High expectations about economic data regarding the jobs market and regional manufacturing prompted US stock future indexes to hover in value on Thursday
Friday, June 20, 2014
After four consecutive days of gains, the S&P touched an all-time high on Wednesday, when it also marked its largest rise in almost one month. The index' gains on Wednesday were linked with the Fed suggesting borrowing costs will rise more quickly next year. Just after 10 a.m. in New York, the Nasdaq dropped 0.1%, a gain of 4.14 points to 4,358.75; the S&P 500 moderately rose 0.06%, a climb of 1.25 points to 1,958.23; and the Dow fell 0.08%, a drop of 14.36 points to 16,920.98.

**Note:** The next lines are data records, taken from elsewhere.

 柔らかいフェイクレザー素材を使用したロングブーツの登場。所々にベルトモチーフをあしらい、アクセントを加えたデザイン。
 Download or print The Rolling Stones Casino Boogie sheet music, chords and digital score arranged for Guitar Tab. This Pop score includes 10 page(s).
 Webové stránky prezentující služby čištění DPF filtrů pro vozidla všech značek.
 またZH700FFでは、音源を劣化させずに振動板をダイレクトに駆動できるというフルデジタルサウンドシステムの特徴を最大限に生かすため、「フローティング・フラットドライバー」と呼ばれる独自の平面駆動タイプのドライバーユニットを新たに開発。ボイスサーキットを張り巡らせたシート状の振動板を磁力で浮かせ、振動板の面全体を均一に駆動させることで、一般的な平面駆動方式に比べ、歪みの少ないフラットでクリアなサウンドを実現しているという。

The Fed decision on Wednesday to taper monthly asset purchases by $10 billion proved to be beneficial to European stocks. Fed chair Janet Yellen said on Wednesday that policy makers recognized the US economy was developing, which validated the monthly asset purchase reduction as the Fed aims to close the economy-spurring program by the end of this year.
Now standing at $35 billion per month, the stimulus program might close in the third quarter. During each of the five meetings thus far this year, the Fed's policy makers have slashed monthly purchases by $10 billion.

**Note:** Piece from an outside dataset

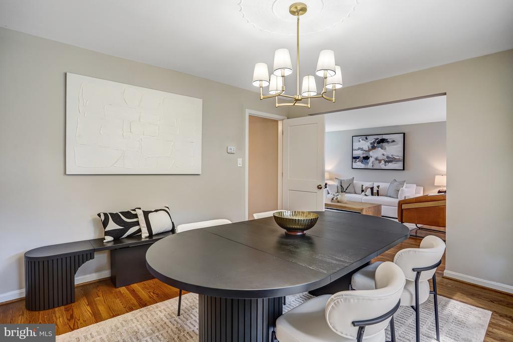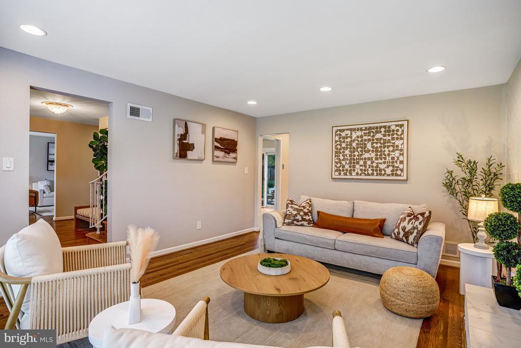 IMPROVED PRICE! The Best Value in Kenwood Park! Welcome to this updated and move-in ready classic Colonial home located in the sought-after Kenwood Park neighborhood of Bethesda. This elegant, stately and sun-drenched home offers comfortable and easy living with its 4 bedrooms (3 brs upstairs, 4th br/den in the lower level), 3.5 bathrooms, large gathering spaces, and secluded backyard perfect for outdoor fun. Step through the carved-wood double entry doors to discover a gracious and welcoming entry foyer, an oversized living room, a freshly updated powder room, an elegant dining room with new lighting and a sliding door to the patio, and a cozy family room with a brick wood burning fireplace. The main floor layout flows perfectly for indoor-to-outdoor entertaining. The updated kitchen features a large island, quartz counters, stainless steel appliances, timeless subway-tiled backsplash, and ample storage. This area will be a favorite gathering spot with its adjoining sunroom/breakfast room that also leads to the back yard. As practical as it is lovely, the kitchen leads to a separate laundry room/mudroom with access to the large one-car garage, making it a perfect drop zone when coming home each day. The upper level features a large primary suite, offering an enviable walk-in closet and an oversized en suite bath with an extra large separate shower, huge soaking tub, a separate water closet, and double vanities. The secondary bedrooms are also large with great closets and share the updated hall bath. Gleaming oak hardwood floors grace both the main and upper levels. The lower level features an expansive recreation/family room with new LVP flooring, new windows, recessed lighting, cedar closets, and a basement door to the exterior. The 4th bedroom and the updated 3rd bath round out this level, along with a spacious utility/storage room. Outside, a large, fully-fenced backyard with a large patio offers a secluded oasis for outdoor activities and al fresco dining. There's plenty of parking with a large one-car garage (with a brand new garage door opener), a carport that runs along the entire side of the house, and parking for 2-3 additional cars. Ideally located in close-in Bethesda, you'll find yourself only moments away from Bethesda's Downtown with its innumerable dining and shopping venues. Commuting is a breeze with quick access to the Beltway and a fast commute to Downtown DC. Located inbounds to (and a short walk away from) Walt Whitman HS and Pyle Middle School. Don't miss this special home! (Note: Photos reflect when home was staged.)

Jobless claims drop to 2007 lows
For week ended June 14, the US Department of Labor announced applications for unemployment insurance fell by 6,000 to amount to 312,000, according to Bloomberg. The number of people collect unemployment fell to its lowest rate since 2007. Household purchases are on the rise and companies are increasingly hiring. Expansion of payrolls is driving toward its strongest year since 1999.
Manufacturing gains in metropolitan Philadelphia
The Philadelphia Fed said area manufacturing is on the rise this month. Three key metrics – general activity, new orders and shipments – all pushed higher, marking the fourth consecutive month of gains. Those figures also gained from May to June.

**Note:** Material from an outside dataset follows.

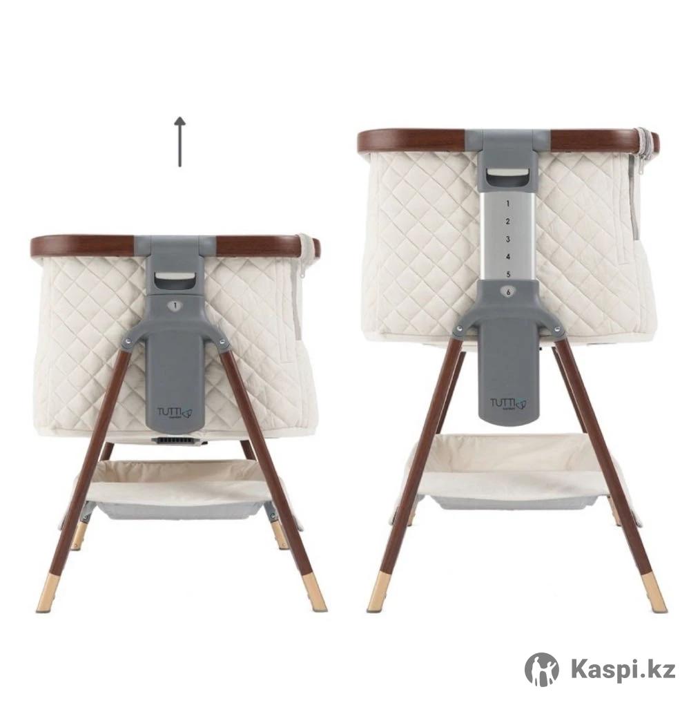 Tutti Bambini колыбель, продольный маятниковый механизм для детей от 0 до 6 мес. Идеально для совместного сна, сложить можно за 30 секунд. Люкс версия. Можно регулировать угол наклонения, установив разные высоты в изголовьях. Есть дополнительные аксессуары матрас, сумка для переноски, ремни для крепления к родительской кроватки, и деревянная качалка.

The manufacturing companies that answered the Philadelphia Fed's survey also noted they are increasingly hiring. They hold a brighter outlook for future activity as well, which indicates an air of optimism for the next 180-day period. The forward-looking component of the poll was particular to the most recent survey considering the first half of the year is set to close in 10-plus days.